Rasoi by Vineet au Saint Géran
« Ile Maurice: Vineet, l’Indien magnifique »
Il s’appelle Vineet Bhatia, est né à Bombay en 1967, a appris la cuisine avec sa maman. A été voir ce qui se tramait dans les meilleures cuisines européennes. A travaillé en Inde, dans le groupe Oberoi, avant d’obtenir, chez Zaika, sur Kensington South, la première étoile accordée à un chef-patron indien.Vineet Bhatia? Une star de son métier!
Vrai, ce lutin rieur a du génie. Avec sa petite taille, ses yeux vifs, son air de Calabrais malicieux qui en remonterait à plus d’un sur l’usage du risotto à partir du riz basmati (une hérésie pour un puriste piémontais) ou le tiramisu où le mascarpone est remplacé par du fromage indien, le magique Vineet Bathia séduit à coup d’étincelles.
Le Michelin Great Britain ne s’y est pas trompé qui l’a étoilé – au Zaika dans Kensington – dès 2001, lui redonnant son étoile en 2004 lorsqu’il s’est installé à son compte, dans une minuscule demeure de Chelsea où toute la capitale anglaise accoure aux premières loges. L’espace est compté, les lumières un peu chiches, la déco exotique un peu « cheap ». On sait que les Bhatia ont vendu jusqu’à leurs chaussettes pour acquérir un bail de 99 ans sur une terre appartenant toujours – eh oui, on est en Albion – au marquis de Cadogan. L’essentiel est ce qui se trame dans l’assiette, se livrant au gré de menus malins, peu chers au déjeuner (25£), beaucoup plus le soir. Mais d’emblée Vineet et sa « Rasoi » (ou cuisine en indien) se situe au niveau des tous grands.
C’est également ce qu’il propose à Genève, où il a obtenu une étoile d’emblée au Mandarin-Oriental ex Hôtel du Rhône. Mais aussi, pour ce qui nous occupe ici, au One & Only Saint Géran de l’île Maurice. Ce géant de l’hôtellerie balnéaire de luxe a offert à cet Indien magnifique le cadre rêveur et rêvé, pile sur l’eau, qui fut celui du « Paul et Virginie ». Une équipe 100% indienne, mais mauricienne, oeuvre dans son esprit, offrant la cuisine indienne revue contemporaine de ce luron espiègle qui sait ce que cuisiner veut dire.

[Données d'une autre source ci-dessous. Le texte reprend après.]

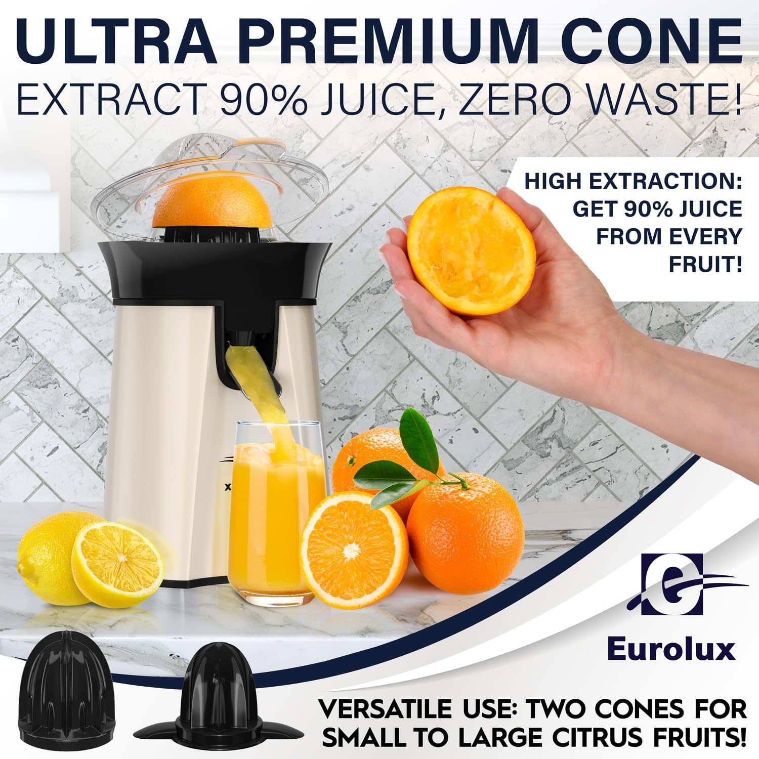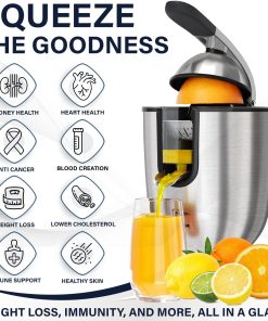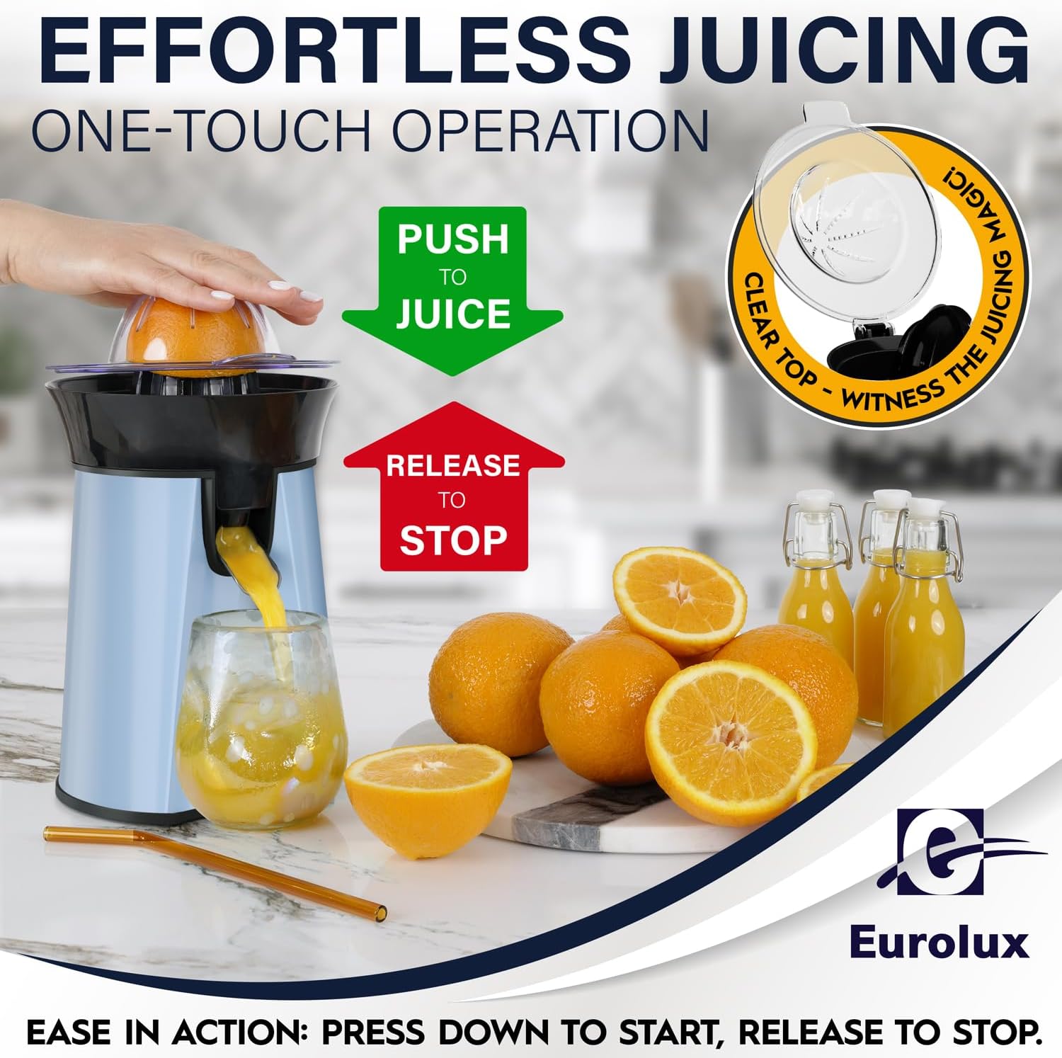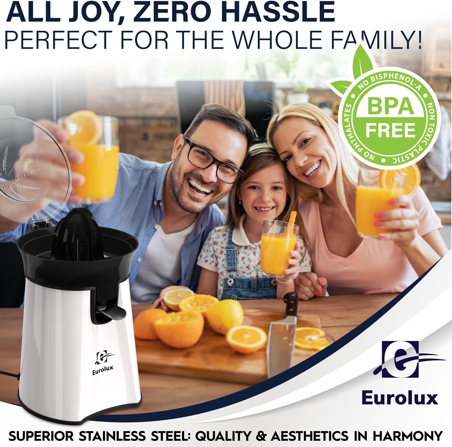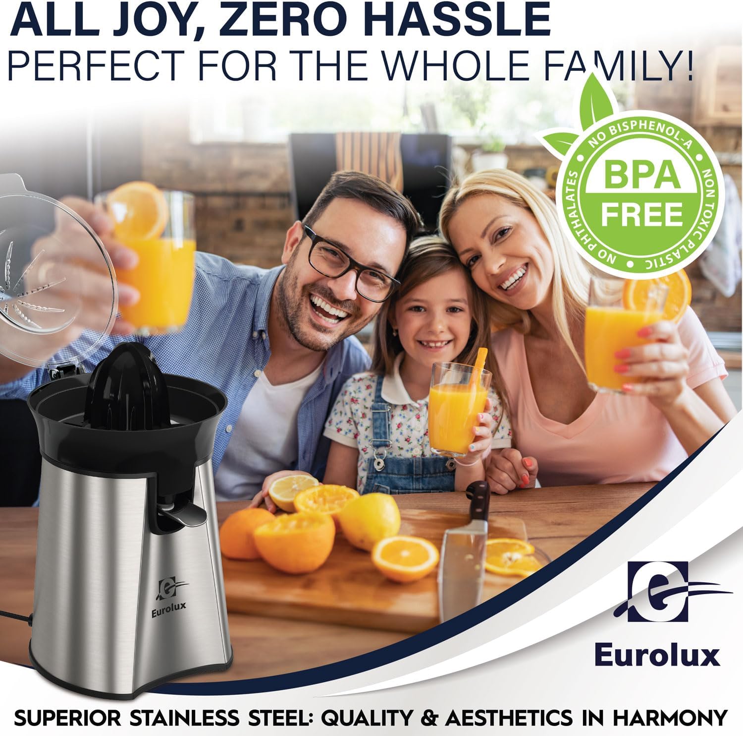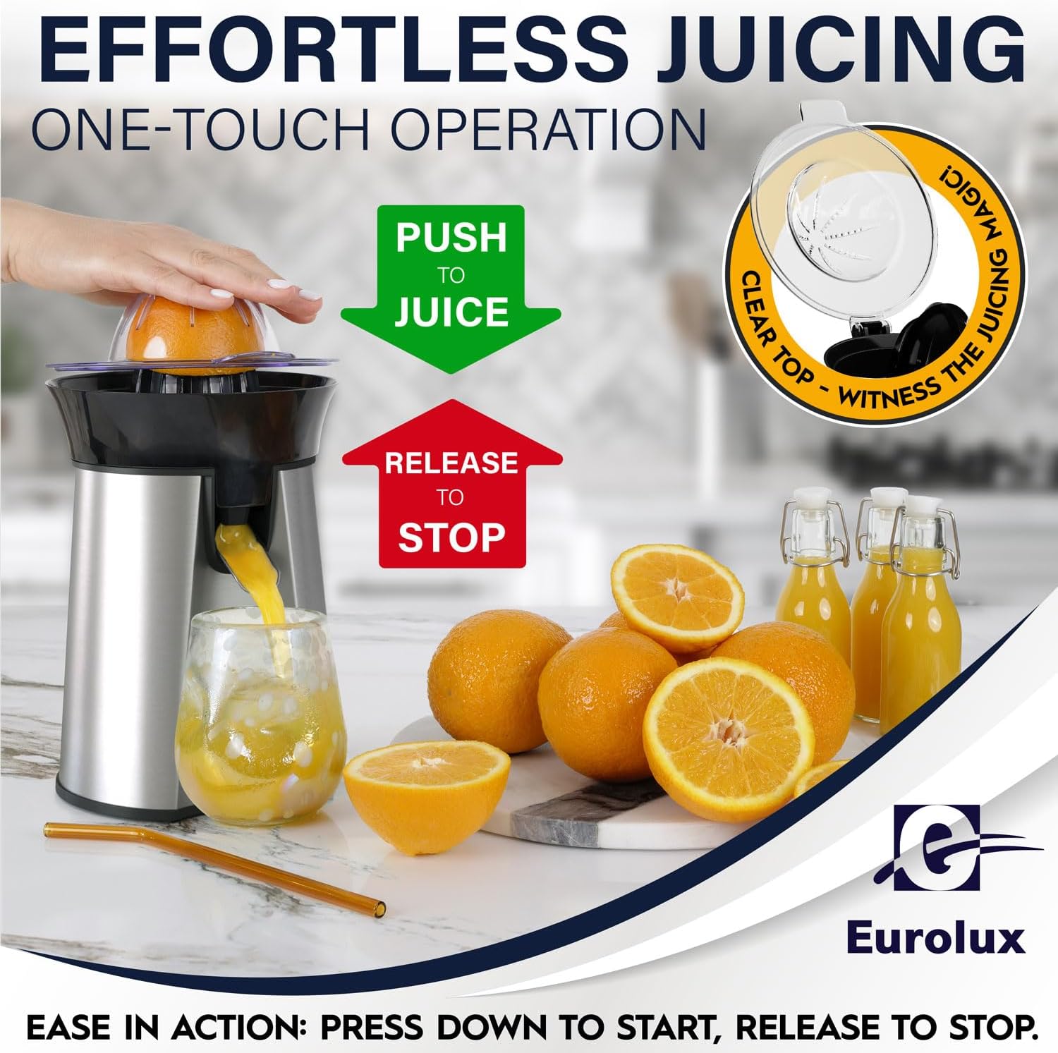 Eurolux Premium Electric Orange Juicer | Stainless Steel Citrus Squeezer With New Ultra-Powerful Motor and Soft Grip Handle for Effortless Juicing, Auto Shutoff, Dishwasher-safe Parts, Pulp Control

Le tandoori de sacré-chien au citron avec son rien de yaourt, si moelleux, ou de saumon fumé au gâteau de crabe massala, avec un chutney et des crevettes croustillantes résument joliment sa manière: anglo-indienne, néo-coloniale avec malice, savoureuse et craquante à la fois. Les crevettes tandoori flanquées d’une glace au chutney d’herbes mentholées jouent sur le même ton, comme le medley de samosas (épinards et raisin, noix de coco et feuilles de curry, plus asperges et shitakés).
On craque d’emblée pour les brochettes de boeuf flanquées d’un samossa de légumes, servies en amuse-gueule. On aime, sans mal, le duo de fruits de mer (camaron – la crevette d’eau douce mauricienne – et babonne – le nom local du garoupa ou grouper) en entrée dans sa marinade épicée, comme l’exquis gueule pavé au citron, sauce sambhar avec tomates et lait de coco. Côté viandes, le poulet tandoori cuit au charbon de cuit façon makhni avec sa sauce tomate et fenugrec, son riz basmati au safran, son pakora aux épinards font merveille.
Les desserts constituent une divine surprise, avec la splendide variation sur le thème du chocolat, avec une gâteau marbré chocolat, amandes et noix caramélisées, ou encore les superbes glaces safran, pistache, rose à la gousse de vanille et café. Là-dessus, un jeune sommelier croisé chez Jacques Chibois à Grasse trouve le chardonnay ou la syrah d’Afrique du Sud qui feront des épousailles séductrices.
Voilà, avec un choix de nan (les pains au tandoor) superbes, une autre façon de découvrir les saveurs magiques de Vineet Bathia.